Face ao art. 132º CP não parece porém que se possa defender outra doutrina que não seja a de ver ali, elementos constitutivos do tipo de culpa. É exacto, que muitos dos elementos constantes das diversas alíneas do art. 132º/2 CP, em si mesmos tomados, não contendem directamente com uma atitude mais desvaliosa do agente, mas sim com um mais acentuado desvalor da acção e da conduta, com a forma de cometimento do crime. Ainda nestes casos, porém, não é esse maior desvalor da conduta o determinante da agravação, antes ele é mediado sempre por um mais acentuado desvalor da atitude: a especial censurabilidade ou perversidade do agente é dizer, o especial tipo de culpa do homicídio agravado. Só assim se podendo compreender e aceitar que haja hipóteses em que aqueles elementos estão presentes e, todavia, a qualificação vem em definitivo a ser negada. Tido isto tudo na conta devida não há objecções de princípio a que se defenda que a agravação da culpa é em todos os casos suportada por (ou se reflecte necessariamente em) uma correspondente agravação (gradual-quantitativa) do conteúdo de ilícito. 

 

10. Princípio da legalidade

O que está aqui em causa é o maior grau de culpa e não de ilicitude porque nem todas as condutas do n.º 2 envolvem uma maior ilicitude. A ilicitude tem que estar definida e não estar em aberto “são estas entre outras”, por isso a técnica legislativa pelo legislador é incompatível com a ilicitude. A atitude interna do agente tem a ver com a individualidade (culpa).

O fundamento de qualificação é a culpa agravada devido a especial censurabilidade ou perversidade porque o ilícito é o mesmo do 131º, e por isso o n.º 2 tem um carácter exemplificativo, exemplos padrão, “são estas entre outras”. O n.º 1 do 132º é que tipifica, é que qualifica o homicídio e o n.º 2 apenas nos ajuda a orientar quanto ao fundamento para qualificar o crime, o n.º 1 é que é o critério para qualificar.
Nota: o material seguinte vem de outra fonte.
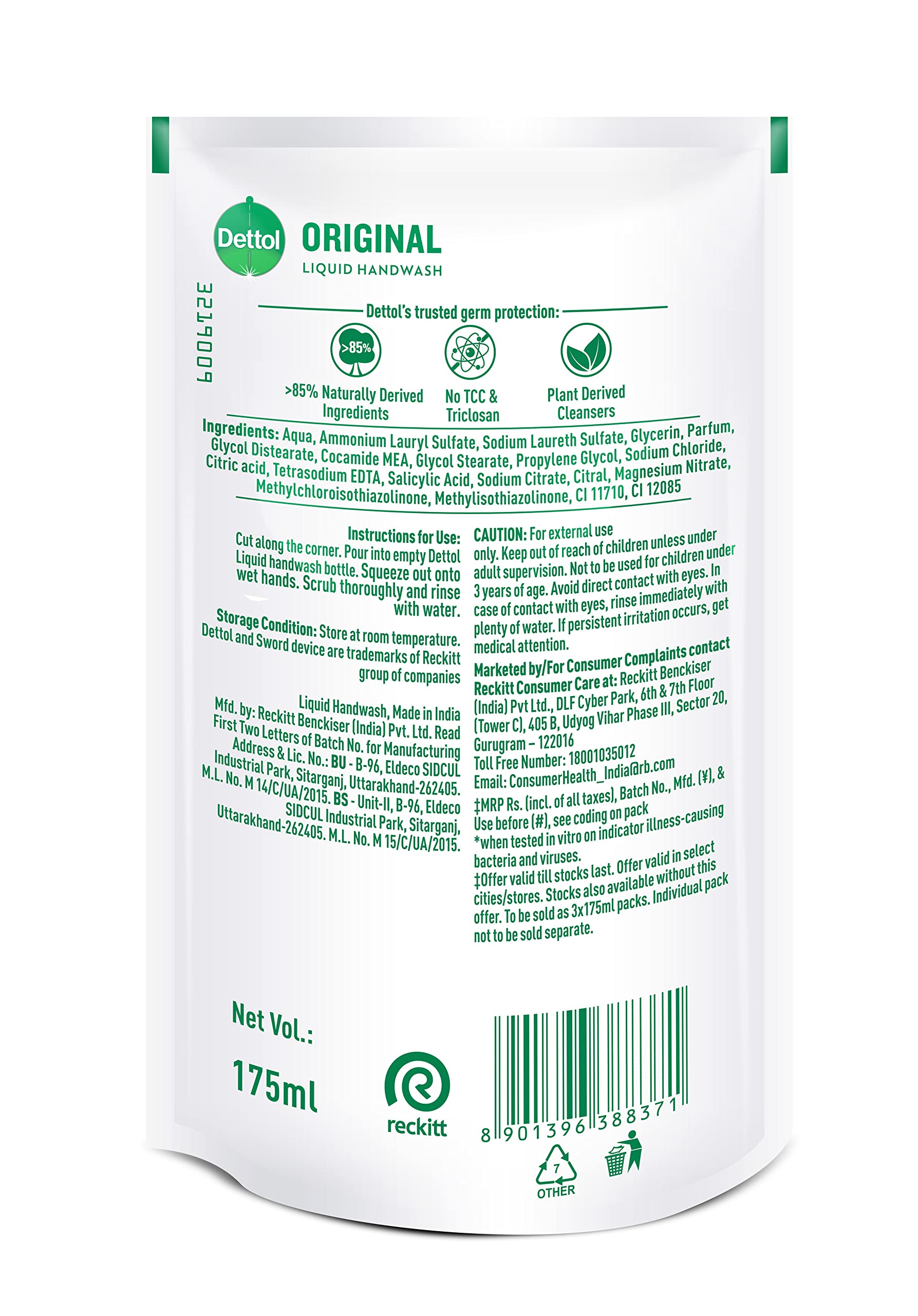 Dettol Liquid Hand Soap 175ml Original Refill (Package May Vary) Pack of 3

Primeiro vou ao n.º 2 para ver se se levantam indícios e depois ao n.º 1 para ver se preenche o critério da especial censurabilidade ou perversidade. Pode-se preencher o n.º 1 qualificando o crime sem preencher o n.º 2 porque são exemplos.

Há autores que entendem que é um tipo misto de ilicitude e culpa (Teresa Beleza, Costa Pinto, Fernanda Palma).

A qualificação assenta na culpa, critério para qualificar é a “especial censurabilidade ou perversidade”, o agente actuou com uma exigibilidade acrescida.

Os exemplos do n.º 2 só levam à qualificação se estiver preenchido o n.º 1, o agente actua com culpa agravada, o facto típico e ilícito é o mesmo do 131º a diferença está na culpa (é mais grave a culpa do agente).

Para Fernanda Palma, Teresa Beleza e Costa Pinto a culpa agravada é um critério para a qualificação, mas não é o único fundamento, integram também uma ilicitude acrescida (há um misto de ilicitude e culpa). Na alínea a) o comportamento do agente revela um maior desvalor da acção (da conduta), é um grau mais grave de ilícito e se fosse só a culpa não era necessário descrever as situações porque a culpa é um juízo de censura. Na regra de determinação da pena (moldura penal) não se pode ter um tipo de crime que assenta só na culpa (art. 71º n.º 2), tem de ter também como fundamento a ilicitude.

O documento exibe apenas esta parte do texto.